Final answer:
To produce 11.48 moles of aluminum from aluminum oxide, we calculate that 5.74 moles of Al2O3 are needed, which corresponds to 585.26 grams. The options provided by the student do not include the correct answer.
Step-by-step explanation:
To calculate how many grams of aluminum oxide (Al2O3) are needed to produce 11.48 moles of aluminum (Al), we need to consider the stoichiometry of the reaction provided. The reaction Al2O3 → Al + CO is not balanced as written, and Al cannot react directly with CO to produce Al2O3; however, we will proceed by assuming the decomposition of Al2O3 into Al, ignoring CO under the student's guidance.
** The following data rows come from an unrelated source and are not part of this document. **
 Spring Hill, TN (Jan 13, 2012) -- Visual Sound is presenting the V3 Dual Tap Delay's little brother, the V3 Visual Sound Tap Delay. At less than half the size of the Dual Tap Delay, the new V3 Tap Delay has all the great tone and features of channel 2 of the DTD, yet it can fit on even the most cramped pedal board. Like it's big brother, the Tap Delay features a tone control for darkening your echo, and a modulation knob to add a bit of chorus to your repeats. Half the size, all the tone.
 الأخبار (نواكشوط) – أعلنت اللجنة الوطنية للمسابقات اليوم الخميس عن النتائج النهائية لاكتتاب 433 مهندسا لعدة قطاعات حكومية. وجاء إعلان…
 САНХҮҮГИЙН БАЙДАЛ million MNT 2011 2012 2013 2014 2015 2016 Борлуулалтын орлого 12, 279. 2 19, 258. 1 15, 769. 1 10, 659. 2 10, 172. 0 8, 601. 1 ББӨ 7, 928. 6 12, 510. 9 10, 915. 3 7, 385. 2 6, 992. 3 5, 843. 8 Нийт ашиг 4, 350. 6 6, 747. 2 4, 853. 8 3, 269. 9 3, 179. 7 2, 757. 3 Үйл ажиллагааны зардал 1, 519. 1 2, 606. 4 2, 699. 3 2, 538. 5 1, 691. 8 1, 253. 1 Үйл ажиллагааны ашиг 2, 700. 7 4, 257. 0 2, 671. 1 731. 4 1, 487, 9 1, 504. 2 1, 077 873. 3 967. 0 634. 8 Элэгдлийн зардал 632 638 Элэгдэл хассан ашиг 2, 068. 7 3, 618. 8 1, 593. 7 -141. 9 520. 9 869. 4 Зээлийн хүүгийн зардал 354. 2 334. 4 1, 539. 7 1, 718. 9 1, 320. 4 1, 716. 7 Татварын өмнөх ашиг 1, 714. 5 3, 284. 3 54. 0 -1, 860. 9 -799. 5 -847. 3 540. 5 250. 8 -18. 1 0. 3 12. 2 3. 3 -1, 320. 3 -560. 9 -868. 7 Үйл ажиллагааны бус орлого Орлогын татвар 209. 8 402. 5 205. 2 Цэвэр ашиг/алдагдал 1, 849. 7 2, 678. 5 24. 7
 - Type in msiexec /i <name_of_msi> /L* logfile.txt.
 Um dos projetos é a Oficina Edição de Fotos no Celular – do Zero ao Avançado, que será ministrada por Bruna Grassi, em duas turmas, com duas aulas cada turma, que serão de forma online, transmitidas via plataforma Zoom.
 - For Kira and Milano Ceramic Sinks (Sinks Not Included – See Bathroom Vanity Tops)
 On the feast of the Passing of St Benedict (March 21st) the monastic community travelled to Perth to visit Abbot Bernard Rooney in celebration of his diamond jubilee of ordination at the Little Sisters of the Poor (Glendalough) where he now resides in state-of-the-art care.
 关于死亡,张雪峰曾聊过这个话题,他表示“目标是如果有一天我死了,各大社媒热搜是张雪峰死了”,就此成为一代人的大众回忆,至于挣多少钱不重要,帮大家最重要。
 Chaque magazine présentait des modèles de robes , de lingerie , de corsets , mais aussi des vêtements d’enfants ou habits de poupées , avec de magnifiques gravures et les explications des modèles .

The balanced equation for the decomposition of aluminum oxide to produce aluminum is Al2O3 ↓ 2 Al.
First, we calculate the molar mass of Al2O3:
(2 × 26.98 g/mole Al) + (3 × 16.00 g/mole O) = 101.96 g/mole Al2O3.
Since the equation tells us that 1 mole of Al2O3 produces 2 moles of Al, we can set up the following ratio:
1 mole Al2O3 / 2 moles Al = X moles Al2O3 / 11.48 moles Al.
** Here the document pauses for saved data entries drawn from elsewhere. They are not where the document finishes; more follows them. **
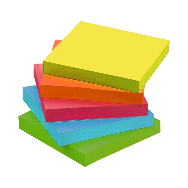 - These sticky notes stick firmly to almost any surface and conveniently peel off without leaving a mark. You can leave a quick reminder note for yourself, take a message for a colleague. This 76 x 76 mm sticky note pad features 4 different colours,Blue, yellow, pink, ultra green and orange, and consists of 450 notes in total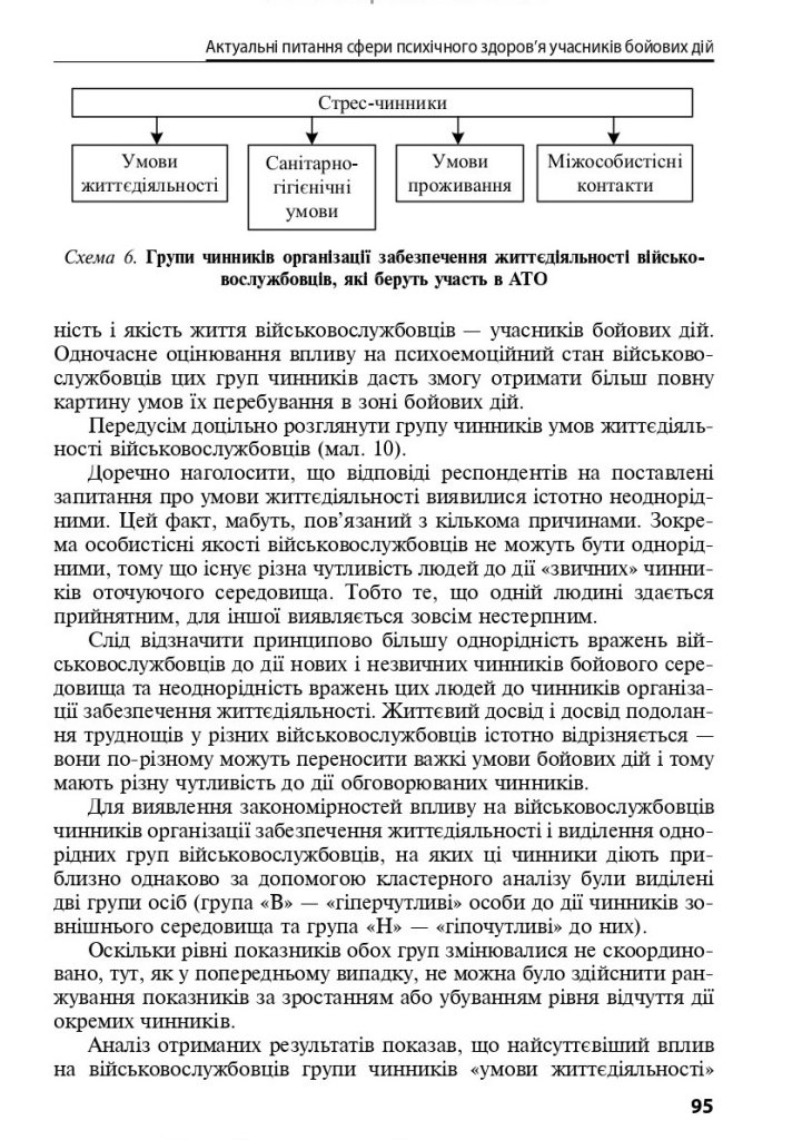 Розкрито актуальні питання сфери психічного здоров’я учасників бойових дій на Сході України. Зокрема описано вплив чинників бойового середовища на військовослужбовців, клініко-психологічні характеристики посттравматичного стресового розладу, аддиктивні розлади, суїцидальні випадки, контузії та постконтузійний синдром. Наведено програму комплексної диференційованої терапії ПТСР у військовослужбовців. Особливу увагу приділено психологічній корекції порушень здоров’я сім’ї учасників бойових дій.
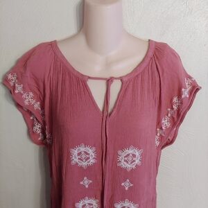 Francesca's Blue Rain Blush Pink Embroidered Dress Size Women's Medium

Solving for X gives us X = 11.48 moles Al / 2 = 5.74 moles Al2O3.
Now, we multiply the moles of Al2O3 by its molar mass to find the mass needed:
5.74 moles Al2O3 × 101.96 g/mole Al2O3 = 585.26 g.
The student's given options do not include the correct answer; thus, there may have been an error in the question or choices provided.